Available data:
┌──

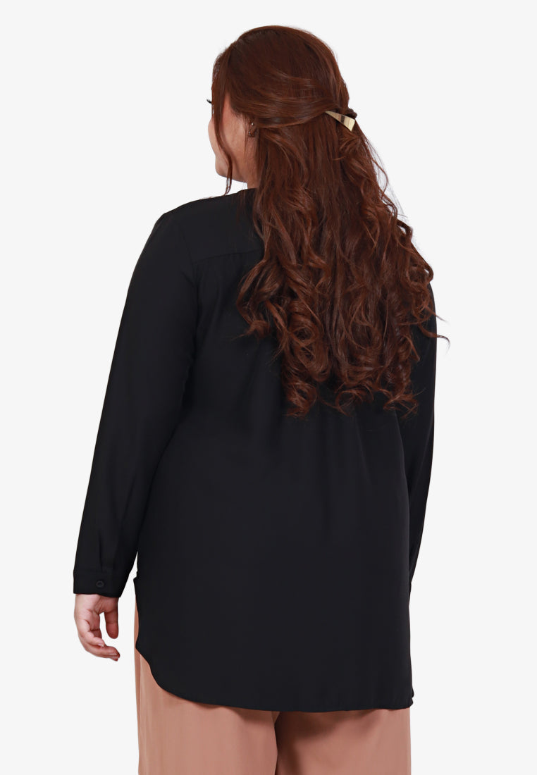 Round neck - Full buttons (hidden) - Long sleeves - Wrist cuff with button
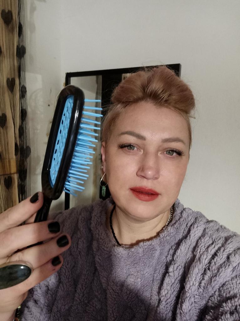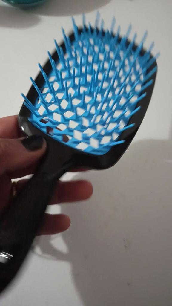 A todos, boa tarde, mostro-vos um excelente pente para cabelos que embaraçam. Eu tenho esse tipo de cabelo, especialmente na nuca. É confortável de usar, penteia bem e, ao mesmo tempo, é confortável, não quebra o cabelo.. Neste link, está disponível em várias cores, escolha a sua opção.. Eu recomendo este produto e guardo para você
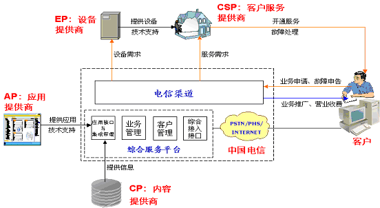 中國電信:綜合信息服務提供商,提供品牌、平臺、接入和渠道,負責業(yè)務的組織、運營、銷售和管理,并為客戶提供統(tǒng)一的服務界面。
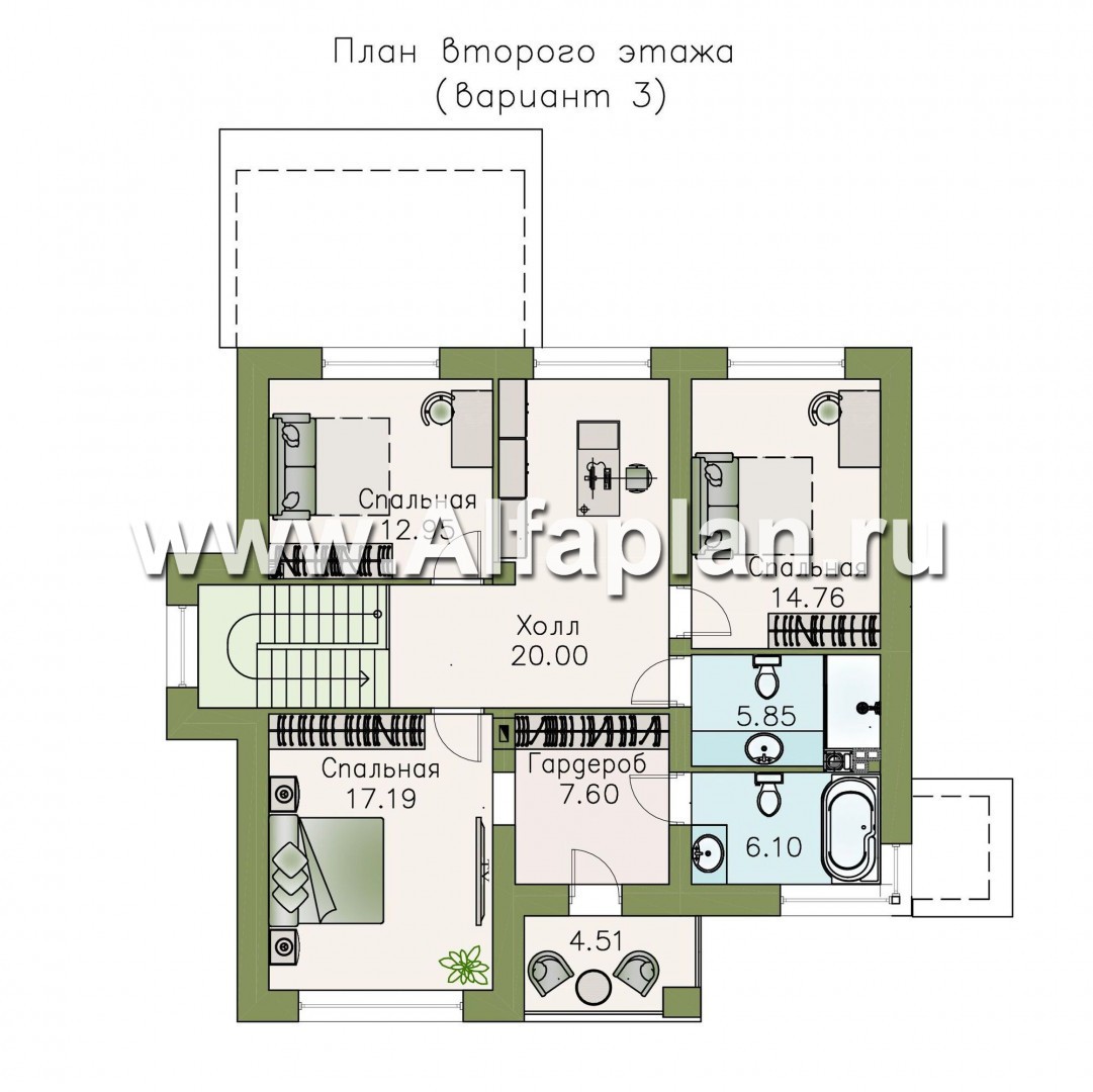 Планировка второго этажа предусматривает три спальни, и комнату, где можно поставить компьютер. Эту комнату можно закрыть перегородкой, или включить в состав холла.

└──

Task directions: Any picture found in the data is to be skipped while the rest is copied exactly.

Result:
 Round neck - Full buttons (hidden) - Long sleeves - Wrist cuff with button
 A todos, boa tarde, mostro-vos um excelente pente para cabelos que embaraçam. Eu tenho esse tipo de cabelo, especialmente na nuca. É confortável de usar, penteia bem e, ao mesmo tempo, é confortável, não quebra o cabelo.. Neste link, está disponível em várias cores, escolha a sua opção.. Eu recomendo este produto e guardo para você
 中國電信:綜合信息服務提供商,提供品牌、平臺、接入和渠道,負責業(yè)務的組織、運營、銷售和管理,并為客戶提供統(tǒng)一的服務界面。
 Планировка второго этажа предусматривает три спальни, и комнату, где можно поставить компьютер. Эту комнату можно закрыть перегородкой, или включить в состав холла.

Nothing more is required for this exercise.